-- Exercise details --
Starting with the line that has "4번을 삭제하고 2페이지를" in the records below and ending with the line that has "Questo libretto riporta", output those lines exactly and nothing more; omit the pictures.

-- Records to use --
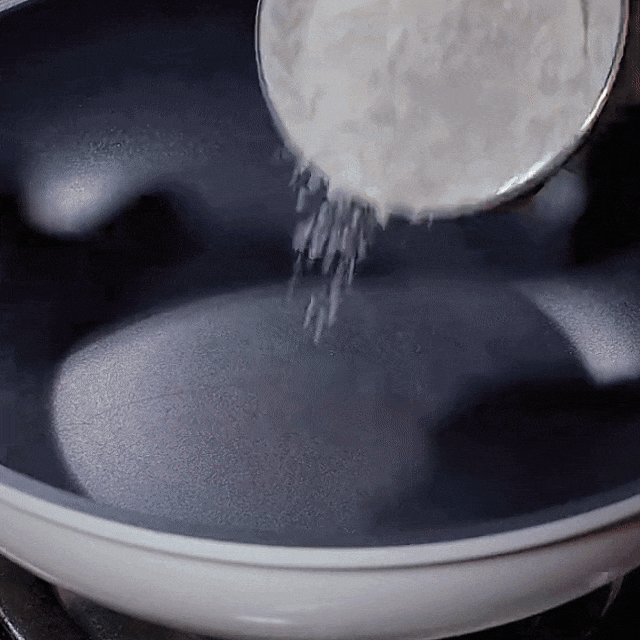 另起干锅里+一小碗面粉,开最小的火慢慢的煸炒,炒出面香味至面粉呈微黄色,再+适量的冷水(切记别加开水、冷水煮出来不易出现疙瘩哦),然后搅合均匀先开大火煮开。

---

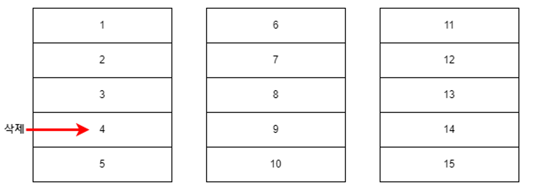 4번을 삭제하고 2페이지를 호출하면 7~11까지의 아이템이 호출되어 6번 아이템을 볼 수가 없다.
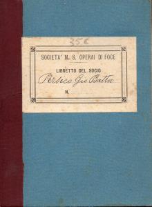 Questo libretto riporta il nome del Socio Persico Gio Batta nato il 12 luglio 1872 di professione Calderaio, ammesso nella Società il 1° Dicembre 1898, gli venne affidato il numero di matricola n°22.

* * *

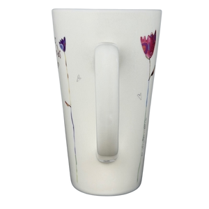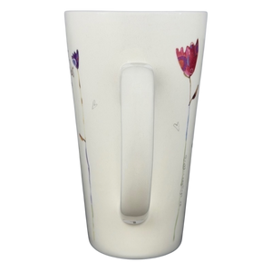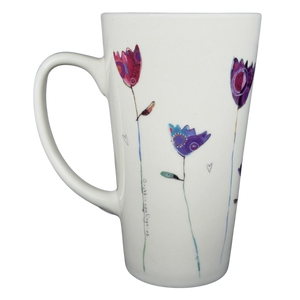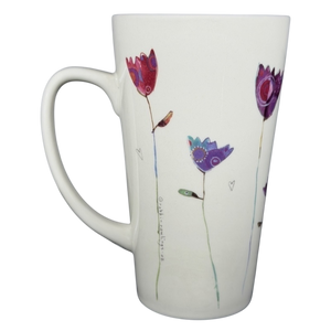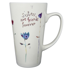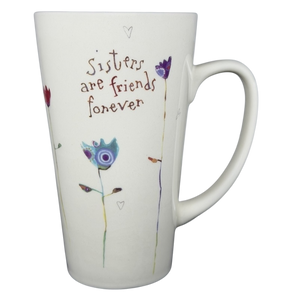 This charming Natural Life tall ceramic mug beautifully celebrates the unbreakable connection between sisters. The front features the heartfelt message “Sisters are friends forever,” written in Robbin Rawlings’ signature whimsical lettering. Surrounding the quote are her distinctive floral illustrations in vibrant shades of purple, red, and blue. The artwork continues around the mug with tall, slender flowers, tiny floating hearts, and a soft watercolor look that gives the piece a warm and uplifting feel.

-- Final answer --
 4번을 삭제하고 2페이지를 호출하면 7~11까지의 아이템이 호출되어 6번 아이템을 볼 수가 없다.
 Questo libretto riporta il nome del Socio Persico Gio Batta nato il 12 luglio 1872 di professione Calderaio, ammesso nella Società il 1° Dicembre 1898, gli venne affidato il numero di matricola n°22.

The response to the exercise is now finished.